Sesampainya di Pelabuhan
Ferry Telaga Punggur, Asih dan Danan, blogger dari Batam yang juga turut serta
di dalam perjalanan ini sudah lebih dulu sampai. Dua orang lainnya yang ikut
dalam perjalanan ini dari pihak travel adalah Doni dan Itun, yang juga baru aku
kenal di pelabuhan ini. Berarti kami hanya menunggu rombongan para blogger
Malaysia dan media Singapura saja.
Tak berapa lama, para
blogger dan media luar inipun sampai ke Pelabuhan Telagapunggur. Tiket menuju
ke Lingga-pun dibagikan kami oleh Mas Edi selaku organizer dalam perjalanan
ini. Rombongan-pun menuju ke lantai dasar pelabuhan, untuk kemudian langsung
menuju ke pelantar pelabuhan, dimana sebuah kapal ferry menuju Lingga sudah menunggu
kami.
Menuju Cempa
Kapal ferry yang membawa
kamipun mengangkat jangkarnya, pelayaran menuju Lingga dimulai. Setidaknya kami
akan menghabiskan 4 jam waktu perjalanan laut di atas kapal ferry ini untuk
mencapai Lingga.
Potensi yang akan didapat oleh
Kota Batam dan Kepulauan Riau pun sangat luar biasa dari pagelaran Nongsa
Neptune Regatta kali ini. Boat-boat yang
masuk, atau dibawa peserta, dikenakan biaya Rp. 9 Juta per unit plus kaptennya.
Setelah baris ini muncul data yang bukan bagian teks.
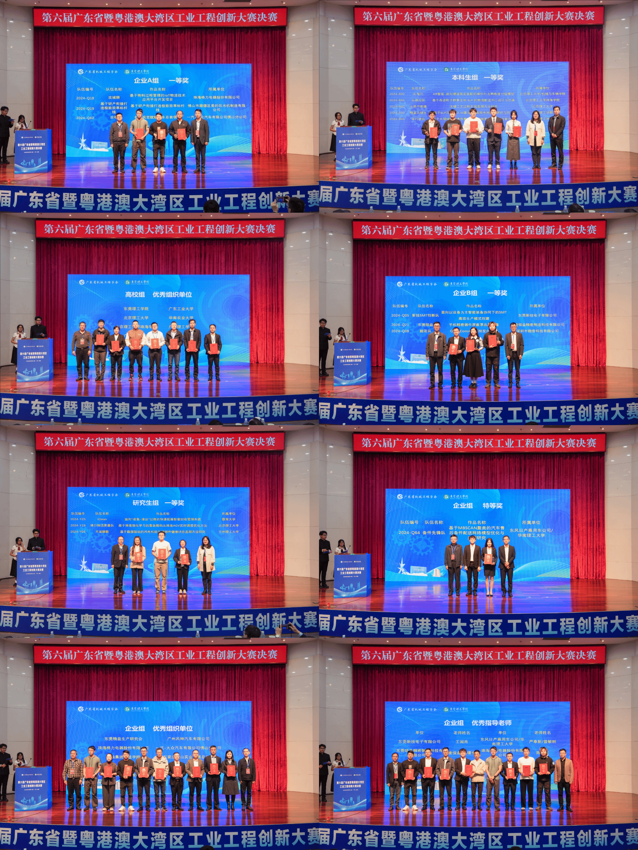 最终,东风日产乘用车公司的《基于MBSCAN聚类的汽车售后备件配送网络模型优化与应用研究》荣获企业A组特等奖,珠海格力电器股份有限公司的《基于物料过程管理的loT物流技术应用平台开发项目》等三个作品荣获A组一等奖;东莞新技电子有限公司的《面向以设备为主智能装备协同下的SMT高效生产模式创建》等三个作品荣获B组一等奖;开云kaiyun官方网站的《基于大领域搜索遗传算法的滚动轴承部件精准合套方法》等5个作品获评本科生组一等奖,暨南大学《面向“收集-清运”过程的快递纸箱智能回收管理系统》等3个作品获得研究生组一等奖。开云kaiyun官方网站龙建宇、杨喆等26人获评优秀指导老师,开云kaiyun官方网站、广东工业大学、东莞精益生产研究会等17所高校/企业获评优秀组织单位。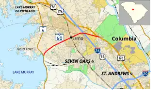 SC 60 is a mostly four-lane with median suburban highway that travels 5.16 miles (8.30 km) from SC 6 to U.S. Route 176 (US 176), with an interchange with Interstate 26 (I-26)/US 76.[3]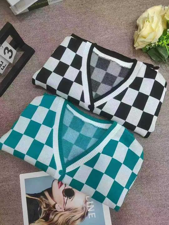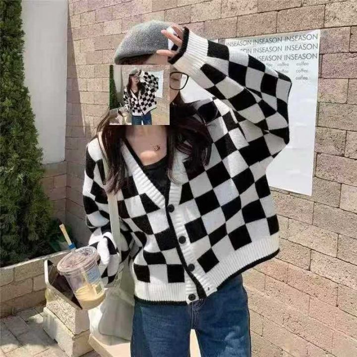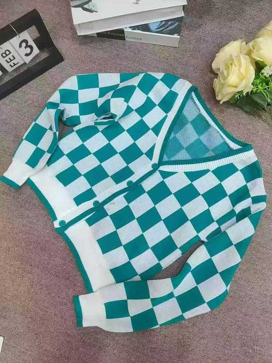 棋格子毛衣外套女春秋季2025新款复古日系慵懒风大版宽松V领针织开衫,独立包装,370件,清8.8,分➕1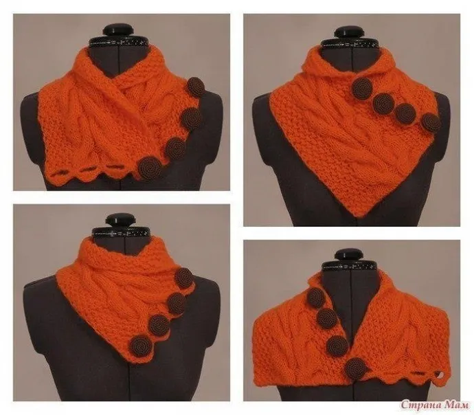 Как видите, сам шарфик простой. А вся фишка в 4 варианта застежки - можно потеплее застегнуться, а можно просто, как воротничок одеть.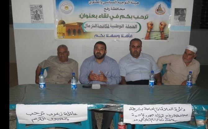 غزة / الداخلية / اعلام التوجيه نظمت هيئة التوجيه السياسي والمعنوي في محافظة رفح جنوب قطاع غزة ملتقى عائلي لعائلة زعرب ضمن الحملة الوطنية لمكافحة الأترامال المدمر. وحضر الملتقى الرائد عادل زعرب مسئول العلاقات العامة في شرطة المدينة والنقيب أحمد رصرص مسئول قسم الإرشاد الديني في الهيئة ومختار عائلة زعرب أحمد زعرب ولفيف من أفراد ووجهاء العائلة. وتحدث الرائد زعرب والنقيب رصرص عن الأترامال المدمر وخطره على النفس والمجتمع وعن دور الأهل والعائلة في محاربة هذه الظاهرة. وأشارا أهداف هذه الحملة والتي هي بالأساس أهداف تربوية تثقيفية الغرض منها حماية الشعب عامة والشباب خاصة من الوقوع في براثن هذا الخطر.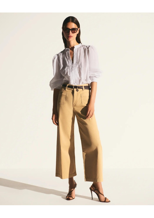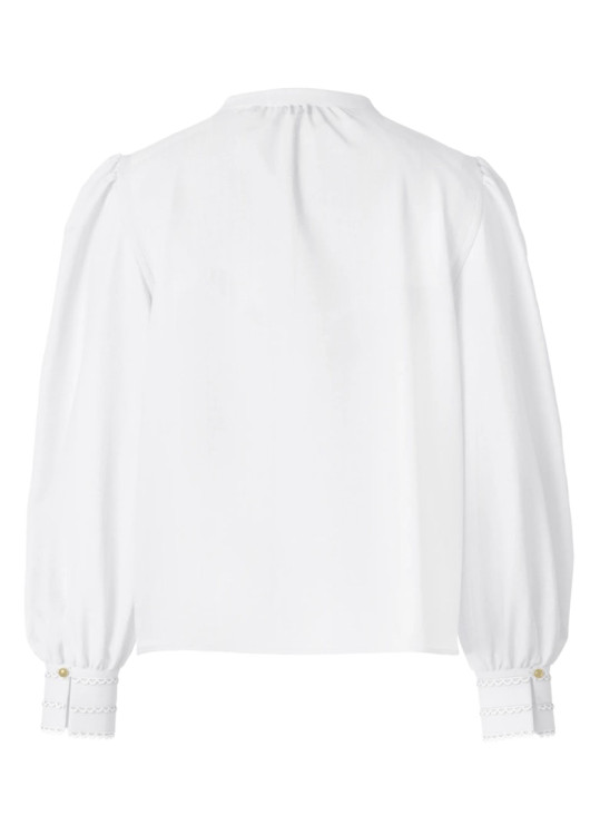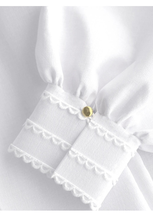 Halenka má malý stojáček se zapínáním na jeden výrazný zlatý knoflík, pod kterým se otevírá decentní výstřih. Romantickou siluetu dotvářejí dlouhé balónové rukávy, zakončené vysokými manžetami se třemi řadami krajky. Nechybí ani ikonická zlatá plaketka s logem.

Untuk kru, dikenai biaya Rp5 Juta per orang. Dengan kata lain, event Nongsa Neptune Regatta ini minimal
menangguk devisa Rp.171 Juta.
Jumlah ini asalnya
tentu saja dari total kapal-kapal yang masuk sebagai peserta. Angkanya
diprediksi akan terus bertambah. Karena, ada potensi lain pemasukan dari para
kru. Mengacu regulasi IRC 218, OMR, dan Texel, lomba ini tidak membatasi jumlah
dan dan berat kru. Kapal hanya diwajibkan melengkapinya dengan asuransi.
Dalam hitungan di atas kertas, pembiayaan ini tentu saja sangat ideal. Karena, selain menikmati pertarungan di laut, para peserta juga memiliki peluang menikmati eksotisnya perairan Batam dan Kepri. Perputaran uang dari event ini sangat menjanjikan. Di luar pembiayaan tersebut, para peserta pasti bertransaksi untuk aktivitas belanja juga. Mereka memiliki kemampuan money spending yang bagus.
Dalam hitungan di atas kertas, pembiayaan ini tentu saja sangat ideal. Karena, selain menikmati pertarungan di laut, para peserta juga memiliki peluang menikmati eksotisnya perairan Batam dan Kepri. Perputaran uang dari event ini sangat menjanjikan. Di luar pembiayaan tersebut, para peserta pasti bertransaksi untuk aktivitas belanja juga. Mereka memiliki kemampuan money spending yang bagus.
Nongsa Neptune Regatta ini juga memiliki impact ekonomi yang lebih luas. Karena, jalur race-nya lebih luas dari Nongsa Regatta 2019, serta waktunya yang lebih lama, yakni 9 hari. Selain itu jumlahnya boat pesertanya yang bertanding juga banyak, dan sebaran race-nya juga sangat luas. Potensi-potensi ini sangat menguntungkan bagi perekonomian masyarakat yang akan merasakannya langsung.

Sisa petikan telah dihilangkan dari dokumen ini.